- _Task to complete_
What is the number of lines below that contain the word "bacteria"? Respond with that number alone.

--- Data under study ---

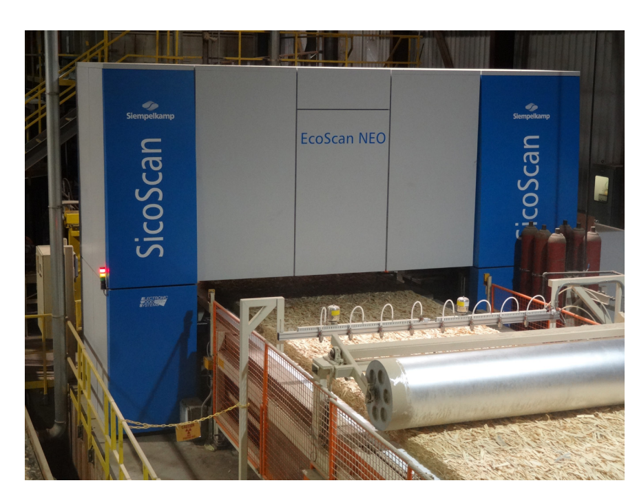
Figure 1: X-ray area weight measurement and foreign body detection installed in OSB forming
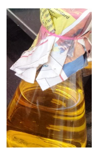
Fig -1: Solution without bacteria (only media)

Primarily 12.5g of Nutrient broth (media) is added to a 500ml conical flask containing distilled water. It is then covered with a thick cotton plug and is made air tight with paper and rubber band. It is then sterilized using a cooker for about 10-20 minutes. Now the solution is free from any contaminants and the solution is clear orange in colour before the addition of the bacteria [5].
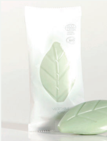
B1236SM Vegetable soap 35 gr
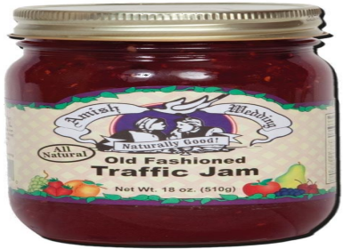
A jar of jam.
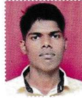
बेंडकोळी समाधान एफ.वाय.बी.कॉम. द्वितीय
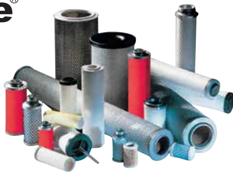
Compressed Air & Gas Filters
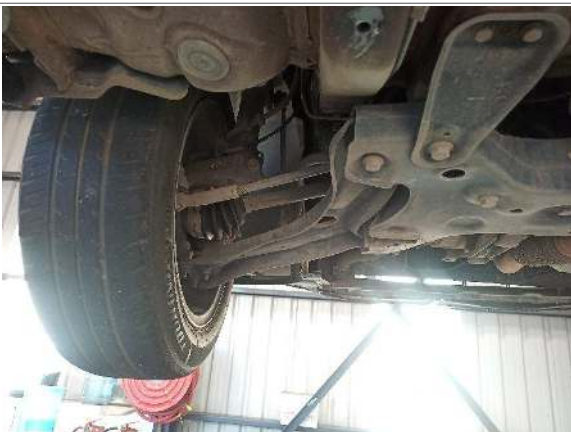
LF TYRE TREAD
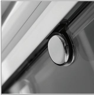
Shower Door Roller
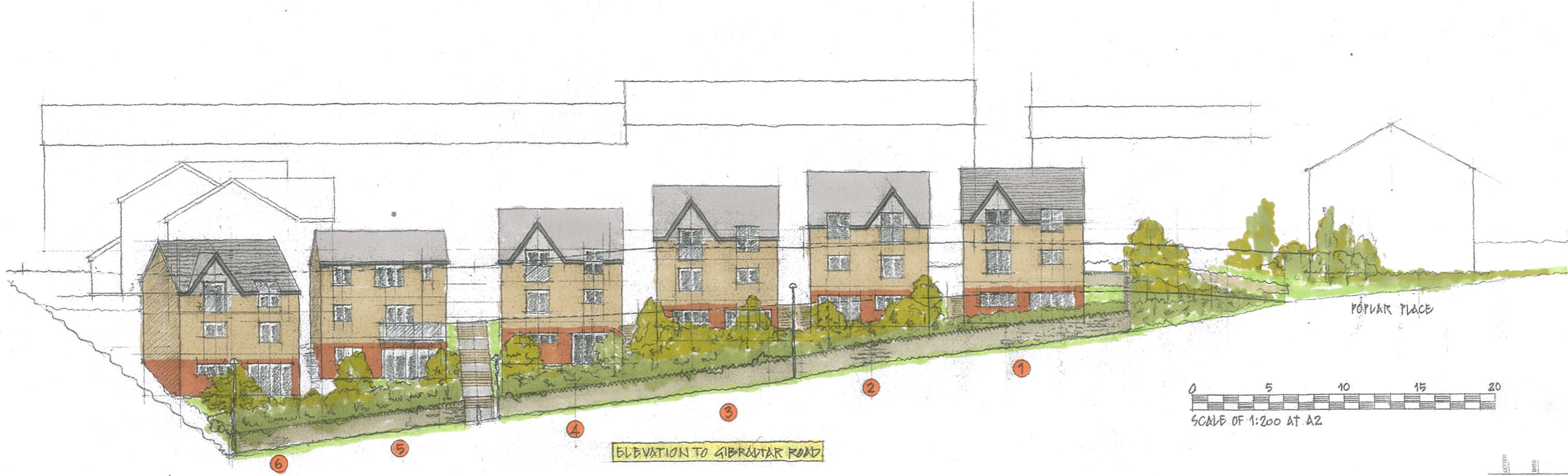
ELEVATION TO GIBRALTAR ROAD
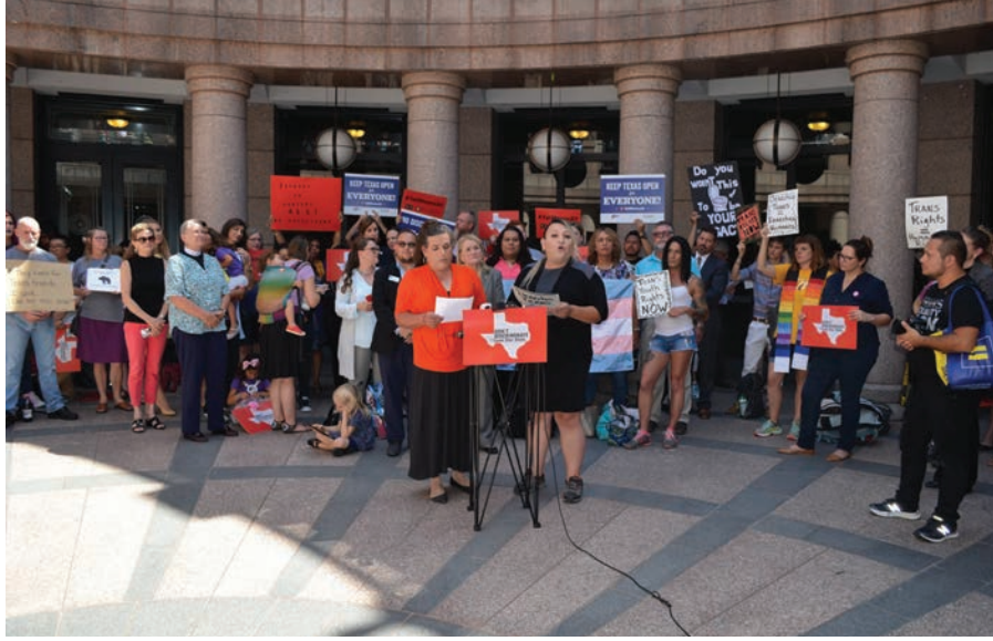
Latinas Trans Austin, Austin, TX, 2019 TJFP Grantee

Gender Benders (Piedmont) is a grassroots organization that connects trans, gender non-conforming, and allied individuals in the South to resources, provides support and advocacy, and initiates trans-inclusive community change.
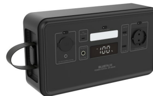
Oblique view right with loop
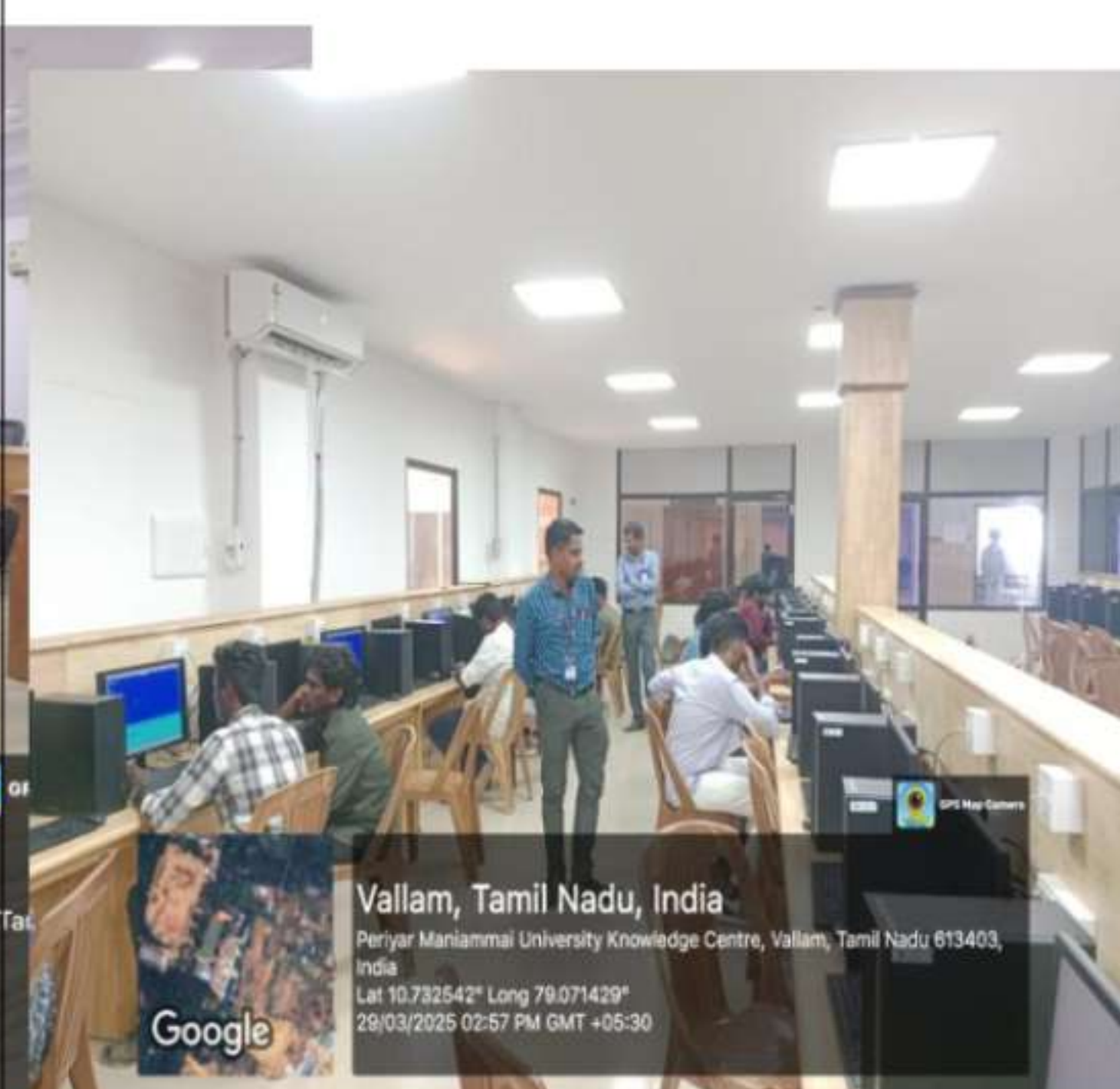
Technical Session – Debugging

---

- _Your response_
2